(Records contained in a dataset)
---+---

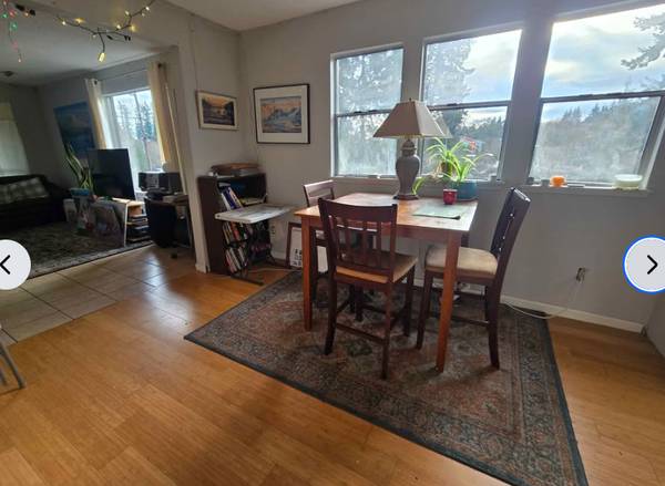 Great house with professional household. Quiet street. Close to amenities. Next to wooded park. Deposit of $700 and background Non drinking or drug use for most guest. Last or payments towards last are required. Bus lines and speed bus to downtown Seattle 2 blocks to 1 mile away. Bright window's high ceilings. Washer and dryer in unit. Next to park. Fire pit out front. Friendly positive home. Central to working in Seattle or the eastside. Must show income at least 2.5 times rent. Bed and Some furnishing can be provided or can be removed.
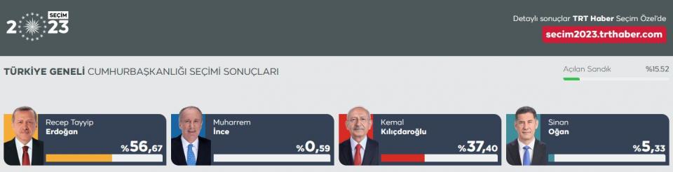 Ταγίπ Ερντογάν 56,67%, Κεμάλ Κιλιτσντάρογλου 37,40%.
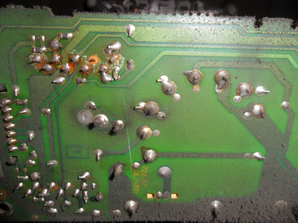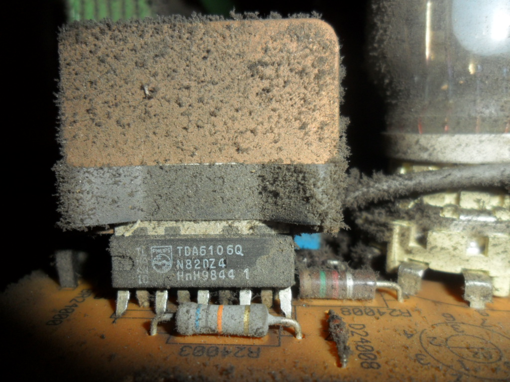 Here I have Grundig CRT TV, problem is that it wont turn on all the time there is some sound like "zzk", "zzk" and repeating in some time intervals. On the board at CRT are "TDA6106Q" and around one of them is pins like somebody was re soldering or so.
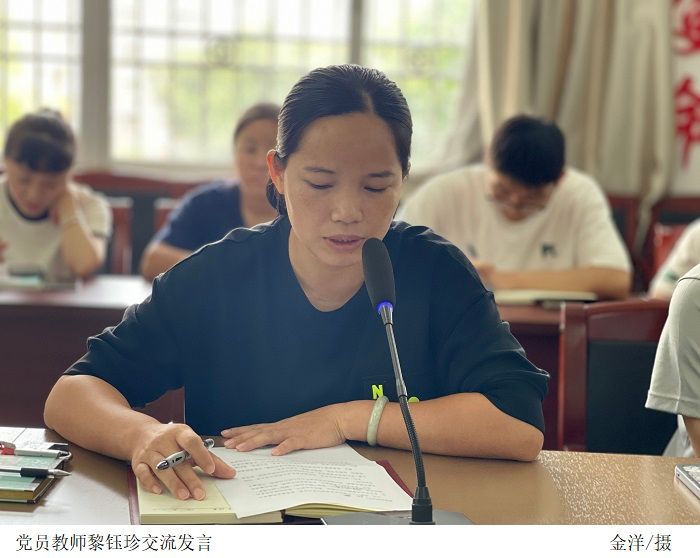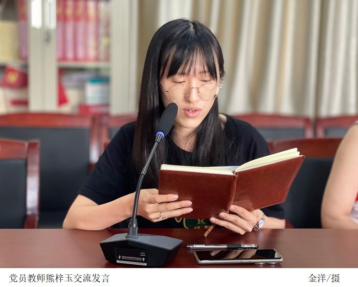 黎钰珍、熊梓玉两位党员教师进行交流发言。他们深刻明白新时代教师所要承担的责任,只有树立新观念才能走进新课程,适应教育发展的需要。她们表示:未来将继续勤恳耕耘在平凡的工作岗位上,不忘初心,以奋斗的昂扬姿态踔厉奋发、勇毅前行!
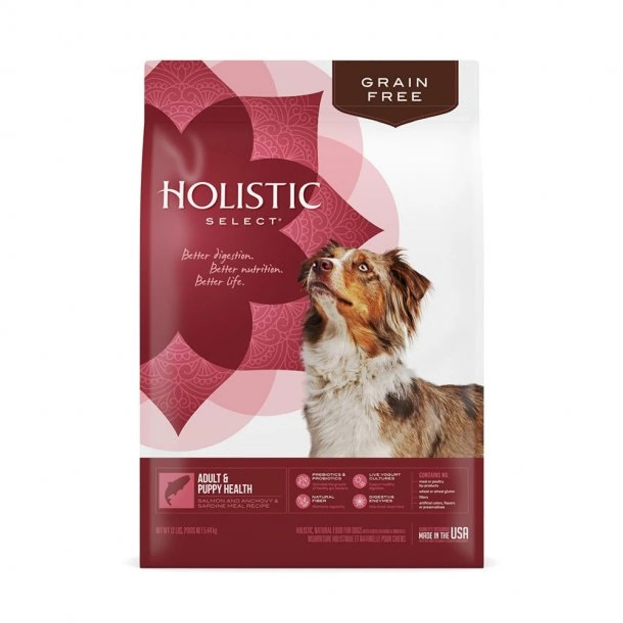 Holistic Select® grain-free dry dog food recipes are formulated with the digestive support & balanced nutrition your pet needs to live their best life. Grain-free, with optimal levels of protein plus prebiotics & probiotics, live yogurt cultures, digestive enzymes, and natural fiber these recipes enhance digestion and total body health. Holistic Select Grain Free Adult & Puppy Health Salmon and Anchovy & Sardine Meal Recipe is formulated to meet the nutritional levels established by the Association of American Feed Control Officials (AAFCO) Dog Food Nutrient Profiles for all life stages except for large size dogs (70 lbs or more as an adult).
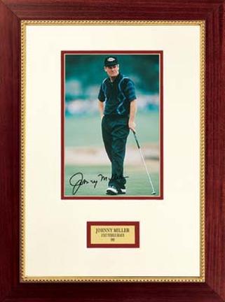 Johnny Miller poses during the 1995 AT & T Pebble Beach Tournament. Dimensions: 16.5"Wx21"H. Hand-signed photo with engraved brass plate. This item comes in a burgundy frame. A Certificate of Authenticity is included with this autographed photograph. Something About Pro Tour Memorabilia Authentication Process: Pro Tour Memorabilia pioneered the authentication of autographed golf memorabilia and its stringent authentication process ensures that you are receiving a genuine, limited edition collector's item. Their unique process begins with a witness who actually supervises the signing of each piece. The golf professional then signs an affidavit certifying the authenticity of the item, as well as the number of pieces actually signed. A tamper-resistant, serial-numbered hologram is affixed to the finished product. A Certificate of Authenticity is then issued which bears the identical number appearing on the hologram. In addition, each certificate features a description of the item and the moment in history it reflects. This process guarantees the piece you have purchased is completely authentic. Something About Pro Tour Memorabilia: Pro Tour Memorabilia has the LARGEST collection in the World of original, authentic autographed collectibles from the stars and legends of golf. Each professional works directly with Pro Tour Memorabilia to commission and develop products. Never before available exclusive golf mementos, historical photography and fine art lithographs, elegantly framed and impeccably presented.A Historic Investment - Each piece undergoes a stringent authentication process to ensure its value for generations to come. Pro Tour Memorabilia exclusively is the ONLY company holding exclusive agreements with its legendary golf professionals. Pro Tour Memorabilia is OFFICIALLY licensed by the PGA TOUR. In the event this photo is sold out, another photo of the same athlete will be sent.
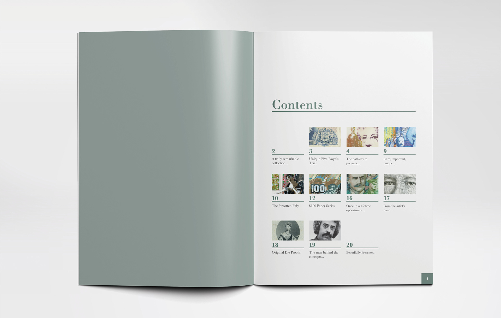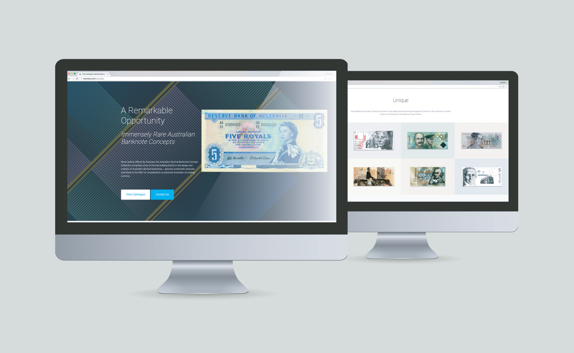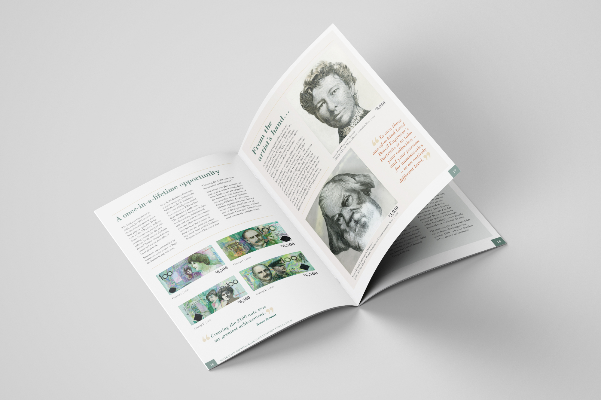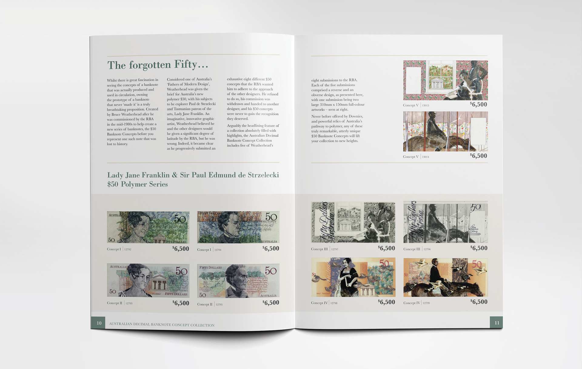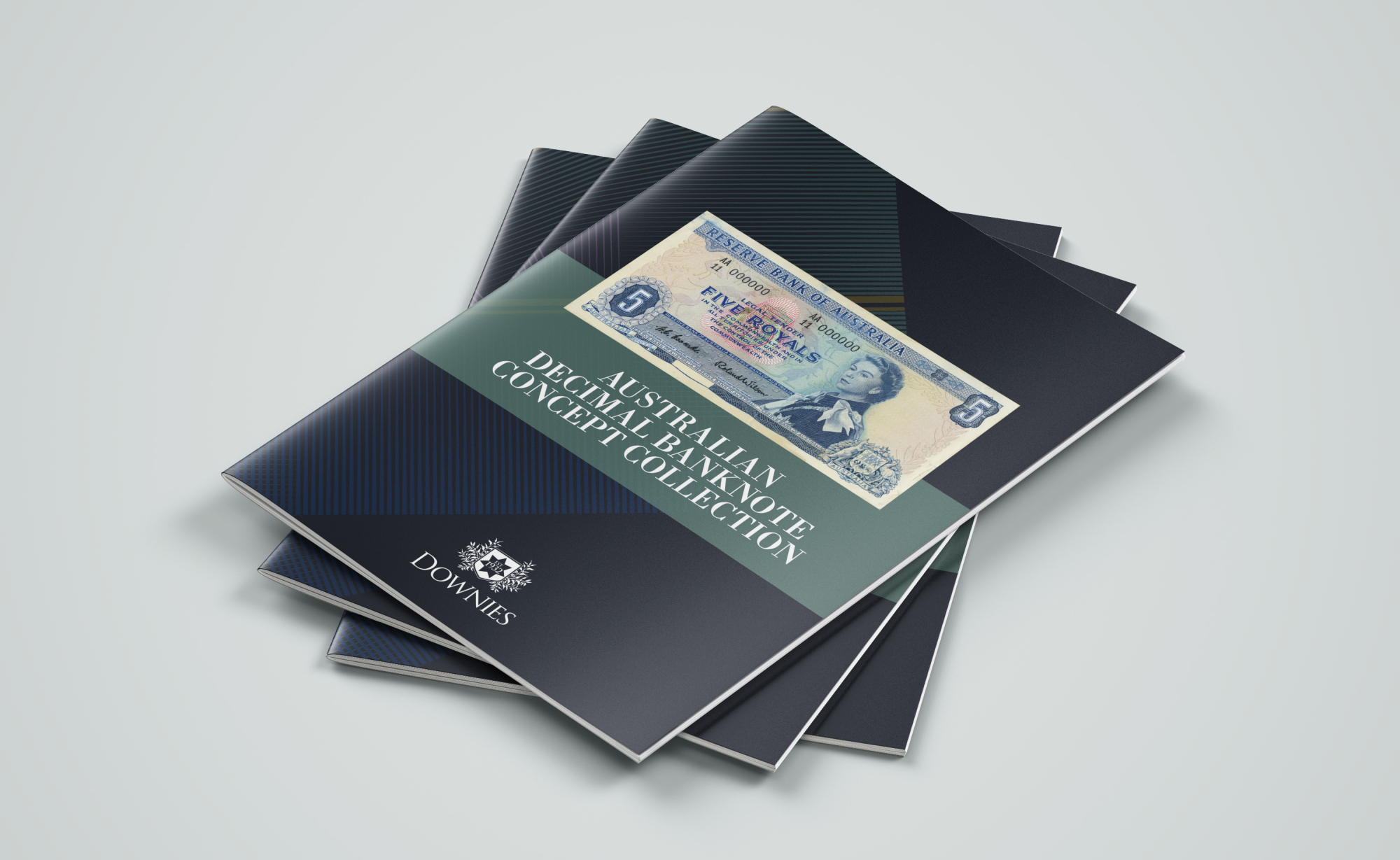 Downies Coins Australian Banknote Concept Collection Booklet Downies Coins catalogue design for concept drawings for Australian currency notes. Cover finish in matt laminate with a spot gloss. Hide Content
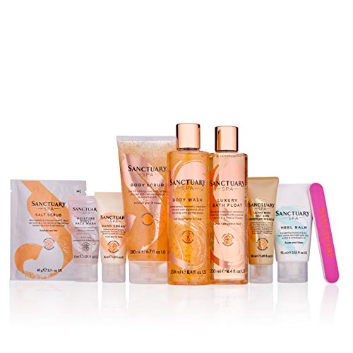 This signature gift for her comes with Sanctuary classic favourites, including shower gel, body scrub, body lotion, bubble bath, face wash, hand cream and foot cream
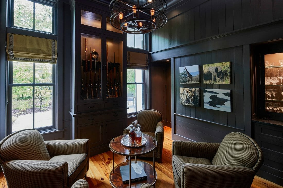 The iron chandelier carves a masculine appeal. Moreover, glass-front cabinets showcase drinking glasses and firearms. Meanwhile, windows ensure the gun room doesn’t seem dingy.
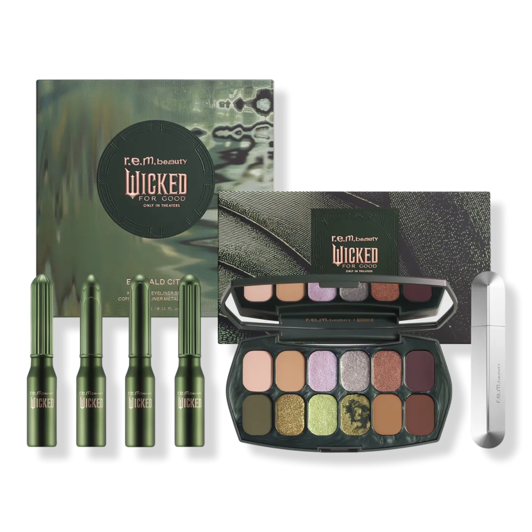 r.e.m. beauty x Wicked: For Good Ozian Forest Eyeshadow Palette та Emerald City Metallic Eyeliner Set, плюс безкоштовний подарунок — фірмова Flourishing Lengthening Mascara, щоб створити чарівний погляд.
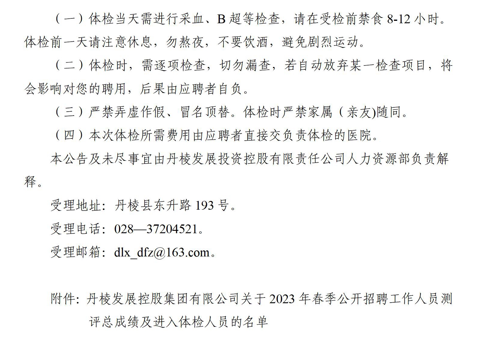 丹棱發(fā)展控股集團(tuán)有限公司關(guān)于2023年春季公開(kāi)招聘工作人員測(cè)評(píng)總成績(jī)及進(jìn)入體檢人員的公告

---+---

Nothing but the text is wanted: repeat the data above exactly, without its images.

* **YOUR SOLUTION**
 Great house with professional household. Quiet street. Close to amenities. Next to wooded park. Deposit of $700 and background Non drinking or drug use for most guest. Last or payments towards last are required. Bus lines and speed bus to downtown Seattle 2 blocks to 1 mile away. Bright window's high ceilings. Washer and dryer in unit. Next to park. Fire pit out front. Friendly positive home. Central to working in Seattle or the eastside. Must show income at least 2.5 times rent. Bed and Some furnishing can be provided or can be removed.
 Ταγίπ Ερντογάν 56,67%, Κεμάλ Κιλιτσντάρογλου 37,40%.
 Here I have Grundig CRT TV, problem is that it wont turn on all the time there is some sound like "zzk", "zzk" and repeating in some time intervals. On the board at CRT are "TDA6106Q" and around one of them is pins like somebody was re soldering or so.
 黎钰珍、熊梓玉两位党员教师进行交流发言。他们深刻明白新时代教师所要承担的责任,只有树立新观念才能走进新课程,适应教育发展的需要。她们表示:未来将继续勤恳耕耘在平凡的工作岗位上,不忘初心,以奋斗的昂扬姿态踔厉奋发、勇毅前行!
 Holistic Select® grain-free dry dog food recipes are formulated with the digestive support & balanced nutrition your pet needs to live their best life. Grain-free, with optimal levels of protein plus prebiotics & probiotics, live yogurt cultures, digestive enzymes, and natural fiber these recipes enhance digestion and total body health. Holistic Select Grain Free Adult & Puppy Health Salmon and Anchovy & Sardine Meal Recipe is formulated to meet the nutritional levels established by the Association of American Feed Control Officials (AAFCO) Dog Food Nutrient Profiles for all life stages except for large size dogs (70 lbs or more as an adult).
 Johnny Miller poses during the 1995 AT & T Pebble Beach Tournament. Dimensions: 16.5"Wx21"H. Hand-signed photo with engraved brass plate. This item comes in a burgundy frame. A Certificate of Authenticity is included with this autographed photograph. Something About Pro Tour Memorabilia Authentication Process: Pro Tour Memorabilia pioneered the authentication of autographed golf memorabilia and its stringent authentication process ensures that you are receiving a genuine, limited edition collector's item. Their unique process begins with a witness who actually supervises the signing of each piece. The golf professional then signs an affidavit certifying the authenticity of the item, as well as the number of pieces actually signed. A tamper-resistant, serial-numbered hologram is affixed to the finished product. A Certificate of Authenticity is then issued which bears the identical number appearing on the hologram. In addition, each certificate features a description of the item and the moment in history it reflects. This process guarantees the piece you have purchased is completely authentic. Something About Pro Tour Memorabilia: Pro Tour Memorabilia has the LARGEST collection in the World of original, authentic autographed collectibles from the stars and legends of golf. Each professional works directly with Pro Tour Memorabilia to commission and develop products. Never before available exclusive golf mementos, historical photography and fine art lithographs, elegantly framed and impeccably presented.A Historic Investment - Each piece undergoes a stringent authentication process to ensure its value for generations to come. Pro Tour Memorabilia exclusively is the ONLY company holding exclusive agreements with its legendary golf professionals. Pro Tour Memorabilia is OFFICIALLY licensed by the PGA TOUR. In the event this photo is sold out, another photo of the same athlete will be sent.
 Downies Coins Australian Banknote Concept Collection Booklet Downies Coins catalogue design for concept drawings for Australian currency notes. Cover finish in matt laminate with a spot gloss. Hide Content
 This signature gift for her comes with Sanctuary classic favourites, including shower gel, body scrub, body lotion, bubble bath, face wash, hand cream and foot cream
 The iron chandelier carves a masculine appeal. Moreover, glass-front cabinets showcase drinking glasses and firearms. Meanwhile, windows ensure the gun room doesn’t seem dingy.
 r.e.m. beauty x Wicked: For Good Ozian Forest Eyeshadow Palette та Emerald City Metallic Eyeliner Set, плюс безкоштовний подарунок — фірмова Flourishing Lengthening Mascara, щоб створити чарівний погляд.
 丹棱發(fā)展控股集團(tuán)有限公司關(guān)于2023年春季公開(kāi)招聘工作人員測(cè)評(píng)總成績(jī)及進(jìn)入體檢人員的公告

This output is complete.